The time-specific eGRM also provides new insight into the limitation of the canonical GRM method. In our single-population simulation, the correlation between each time-specific eGRM that we examined and the canonical GRM (Kobs) increases monotonically backward in time because the allelic ages of observed SNPs are generally much older (mean age of 12,872 generations; Figures S6A and S6D). In our grid structure simulations, due to smaller population sizes and stronger genetic drift, the common SNPs are much younger (mean age of 2,089 generations), resulting in Kobs having the highest correlation with time-specific eGRM between 2,000 and 3,000 generations ago (Figures S6B and S6D). The correlation with time-specific eGRM decreased going further back in time, most likely due to older variants becoming fixed in the population and thus being excluded from Kobs computation. The expansion into multiple demes only occurred 100 generations ago, but because the allelic ages of observed SNPs used to construct Kobs generally predated this event (Figure S6D), individually these SNPs contained little information for the recent structure. Taken together, these results indicate that the canonical GRM provides a coarse measure of relatedness in which older, common SNPs are enriched, while the eGRM and time-specific eGRM provide a more fine-grained measure of relatedness at different time points.
eGRM improves prediction of geographical pattern in empirical data
We evaluated the ability of eGRM to detect population structure in real world data by applying the framework to the genotyping array data of a Finnish cohort, FinMetSeq. We computed the canonical GRM and EKrelate on the basis of 208,681 SNPs with minor allele frequency > 1% genotyped on 2,644 individuals with both parents born in the same municipality in Finland27 (material and methods). Using parental birthplaces as population labels, we found PCA of EKrelate was able to identify patterns of structure (SI = 0.52; Figure 4A), whereas the canonical GRM displayed mild separation between individuals with recent ancestry along differing regions of Finland (SI = 0.39; Figure 4A). Lower-order PCs computed from EKrelate revealed additional structure not matched by Kobs (SI = 0.47 versus SI = 0.29 for PC3–PC6; Figure S7). Notably, the first two PCs of EKrelate were explained in part by individuals with both parents born in the surrendered Karelia (magenta color in Figure 4). Similar to our simulated results, when we applied UMAP to top PCs, we observed improved resolution of fine-scale structure; UMAP based on EKrelate continues to be more informative of the fine-scale structure within Finland than that based on the canonical GRM, regardless of the number of PCs included in UMAP (Figure 4B). Furthermore, EKrelate, which is based on the 208,681 genotyped SNPs, performs comparably, if not better, than the canonical GRM based on 17 million imputed SNPs from the TOPMed Imputation Server (Figure S8). Our results therefore suggest that the eGRM framework would potentially elucidate greater details of fine-scale structure for understudied populations that are poorly imputed because of a lack of representation in available imputation reference panels.
Figure 4.
Clustering analysis based on eGRM revealed novel population structure in the population of Northern and Eastern Finland
(A) PCA and PCA + UMAP based on either Kobs or EKrelate are shown. A map of Finland with regions colored is provided for reference. Main geographical locations referenced in the text are labeled (surrendered Karelia colored in magenta, Lapland colored in red, Turku-Pori colored in light green, and Vassa colored in light blue). Scatterplot of the first two features of UMAP transformation was based on the first 24 and 58 components of PCA of Kobs and EKrelate, respectively. These numbers were chosen as they respectively are the number of components at which the separation index (SI) is maximized after applying the UMAP transformation.

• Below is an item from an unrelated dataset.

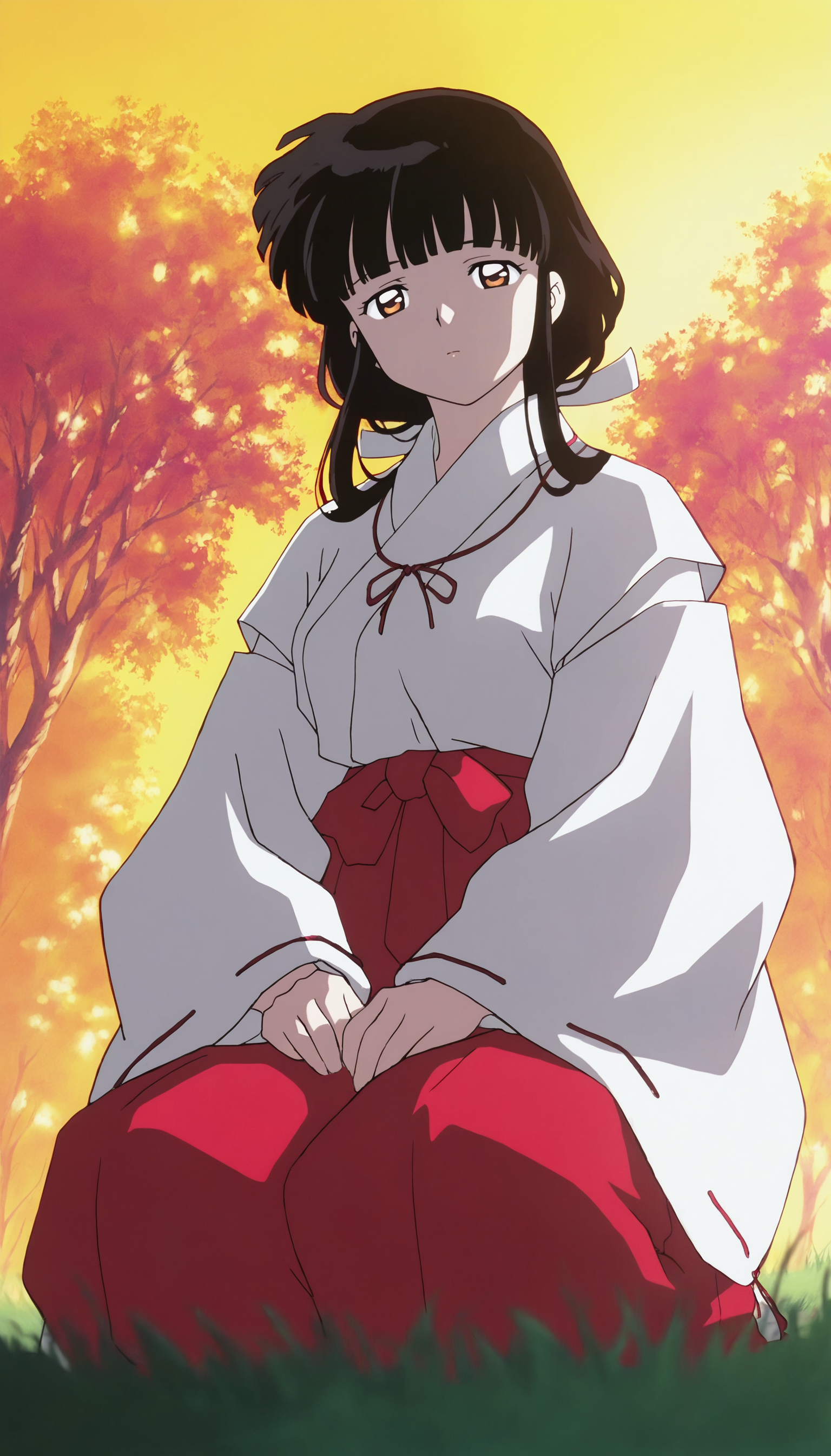 klky0, 검은 머리, 앞머리, 낮은 기사골, 흰색 스트런치, 갈색 눈, 미코 옷차림, 빨간 리본 목걸이, 빨간 하카마, 흰색 타비, 짚 신발,

(B) Separation index achieved as successive PCs were included in UMAP transformation of PCA of Kobs and EKrelate. Results are LOESS curves from ten independent runs of UMAP.
Next, to shed light on historical migration and population movements for FinMetSeq data, we computed and analyzed the time-specific eGRM considering only branches for the past 0–100 generations (Figure S6C). PCA of the time-specific eGRM suggests that recent structure in Northern and Eastern Finland is mainly driven by individuals from Lapland (colored red in Figure 4; the northernmost part of Finland and home to the indigenous Finno-Urgic people, Sami), surrendered Karelia (magenta), and Turku-Pori and Vaasa (light green and light blue, sharing major port borders with Sweden). Computing a time-specific eGRM further in the past exhibited patterns more similar to those found in the canonical GRM (Figure S6C). Qualitatively, the pattern of the time-specific eGRM at varying time depth and its correlation with a fixed canonical GRM are more reminiscent of the pattern observed in the grid structure simulation (Figure S6B) than the pattern in a single homogeneous population (Figure S6A). Together, these findings further support previous claims that common variants are enriched for those that survived a bottleneck in Finland and that there are extensive internal structures due to recent population movement, isolation, and drift.27,44, 45, 46
Time and memory considerations for eGRM algorithm
We implemented the eGRM in a flexible Python framework by using custom C extensions to accelerate core eGRM calculations. Our implementation of eGRM is memory efficient. The main memory usage throughout the algorithm is a matrix of size , which takes bytes of memory when stored as doubles in C. However, outputting the resulting matrix into a NumPy array dominates the overall memory consumption (Figure S9). The time cost of computing eGRM is , where is the number of genealogical trees (see supplemental information). In the case of the FinMetSeq data, the genome-wide eGRM takes ∼30 h on a single CPU to compute for 2,644 samples and ∼120,000 genealogical trees.
Discussion
In the current study, we introduce the eGRM, a genealogical estimate of genetic relatedness. The eGRM is conceptually distinct from the canonical GRM, which is variant- or mutation-centric. As a result, analyses utilizing the canonical GRM need to be interpreted within the context of the marker ascertainment. Ascertainment could be biased because of availability of data, technical errors in data generation, or inconsistent analytical conventions across analysts. In contrast, the eGRM does not depend directly on the detection of variation (eGRM based on the true ARG does not depend on variation, but haplotypes based on a set of variants is used for inferring the ARG in practice) and thus is more robust when used in analyses with incomplete data.
A number of methods have been proposed to exploit the rich information stored in the ARG to make inference of population genetic parameters (e.g., for selection47,48 or population history49,50). Similarly, recent theoretical work has demonstrated the relationship between mutational processes by site or on branches and nodes of the ARG.34 Given the ARG, our framework considers mutations as appearing uniformly at random on the ARG, and relatedness between pairs of individuals is based on the probability of shared mutation, which is proportional to the branch lengths relating the two individuals. Our decision to explore this framework over alternative paths such as manipulating a matrix of TMRCAs is driven by the conceptual shift in treating mutations as random. We expect that our genealogical framework to compute genetic relatedness will enable seamless incorporation with downstream statistical applications, such as its inclusion in a linear mixed model for controlling population structure in association testing.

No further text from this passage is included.